SOURCE [AMOUNT] TARGET
SOURCE [AMOUNT] TARGET
etc.

I decided to write a short script to transform data from this wikipedia table of USA-Canada land border crossings:

The interesting thing about this data in terms of a sankey diagram is that flows here are bidirectional (ie. at a land border crossing you can cross into either country), but at differing quantities between U.S. States and Canadian Provinces/Territory. For example, from the Yukon in Canada there are 2 crossings to Alaska. However from Alaska there are 4 crossings to Canada: 2 to Yukon + 2 to British Columbia.

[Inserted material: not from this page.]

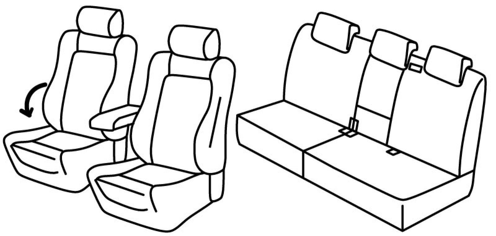 prednja sjedala sportska, airbag, na poleđini prednjih naslona su plastični sklopivi stolići, suvozačev naslon se preklapa, prednji nasloni glave mogu biti u dvije različite veličine (obje verzije su uključene u komplet), prednji naslon ruke konzolni (nije vezan za naslon sjedala), stražnji naslon i sjedalo djeljivi 1/3+2/3, treći (srednji) pojas izlazi iz naslona, stražnji nasloni za glavu su utopni, srednji naslon glave preklapa se zajedno sa stražnjim naslonom ruke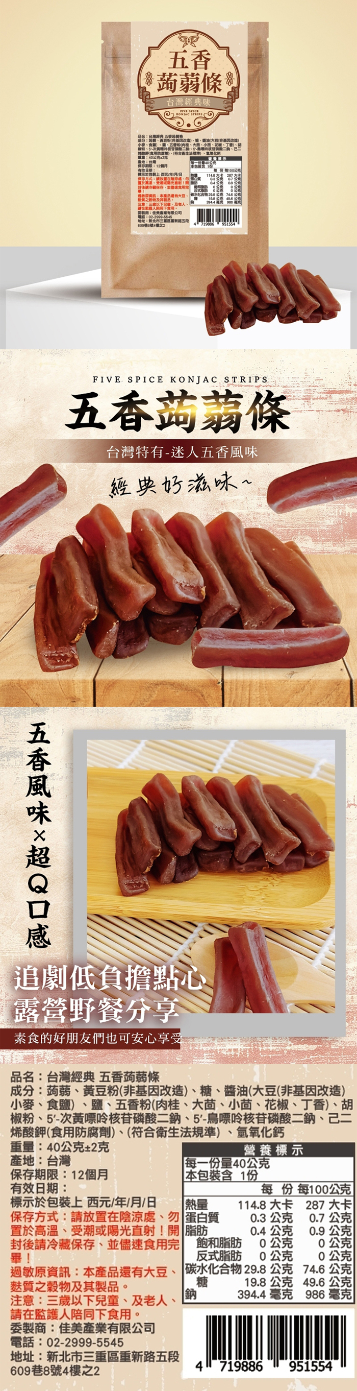 成份:蒟蒻、黃豆粉(非基因改造)、糖、醬油(大豆(非基因改造)小麥、食鹽) 、鹽、五香粉(肉桂、大茴、小茴、花椒、丁香)、胡椒粉、5’–次黃嘌呤核苷磷酸二鈉、5 ’–鳥嘌呤核苷磷酸二鈉 、己二烯酸鉀(食用防腐劑)、(符合衛生法規準) 、氫氧化鈣

First, import and clean the dataframe:

import pandas as pd

df = pd.read_csv('/content/table-3.csv')

df = df.rename(columns=
          {'CanadaPort of Entry Name' : 'name',
           'Province/ Territory' : 'prov'}).drop(
               columns=['CanadaRoad/Highway [Community]','Notes','Structure orNotable Feature','Coordinates'])

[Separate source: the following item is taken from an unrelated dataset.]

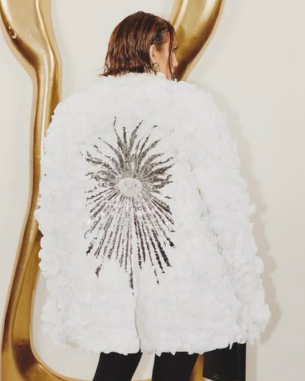 La actriz y cantante de 54 años llegó al lugar de la cita con un abrigo como pieza statement. A lo lejos parecía un abrigo con volumen y tela corrugada, pero una vista más de cerca nos permitió ver el verdadero trabajo de esta pieza.

new_df = df.drop(columns=['U.S.Port of Entry Name'])

Next, the loop to generate the textual format required for sankeymatic:

for prov in new_df.prov.unique():
  testdf = new_df[new_df['prov'] == prov]
  for state in testdf.State.unique():
    count = testdf.State.value_counts()[state]
    print(f'{prov} [{count}] {state}')

Output:

Yukon [2] Alaska
British Columbia [3] Alaska
British Columbia [13] Washington
British Columbia [2] Idaho
British Columbia [1] Montana
Alberta [6] Montana
Saskatchewan [6] Montana
Saskatchewan [6] North Dakota
Manitoba [12] North Dakota
Manitoba [4] Minnesota
Ontario [3] Minnesota
Ontario [4] Michigan
Ontario [7] New York
Quebec [9] New York
Quebec [15] Vermont
Quebec [1] New Hampshire
Quebec [7] Maine
New Brunswick [18] Maine

Inputting this into Sankeymatic, and adding some aesthetics, we get this:

What I like about this data and subsequent visualization is that all states are connected to each other by the 'opposite' states, and the one can 'travel' down the sankey diagram through subsequent connections (ie. going from Yukon to New Brunswick).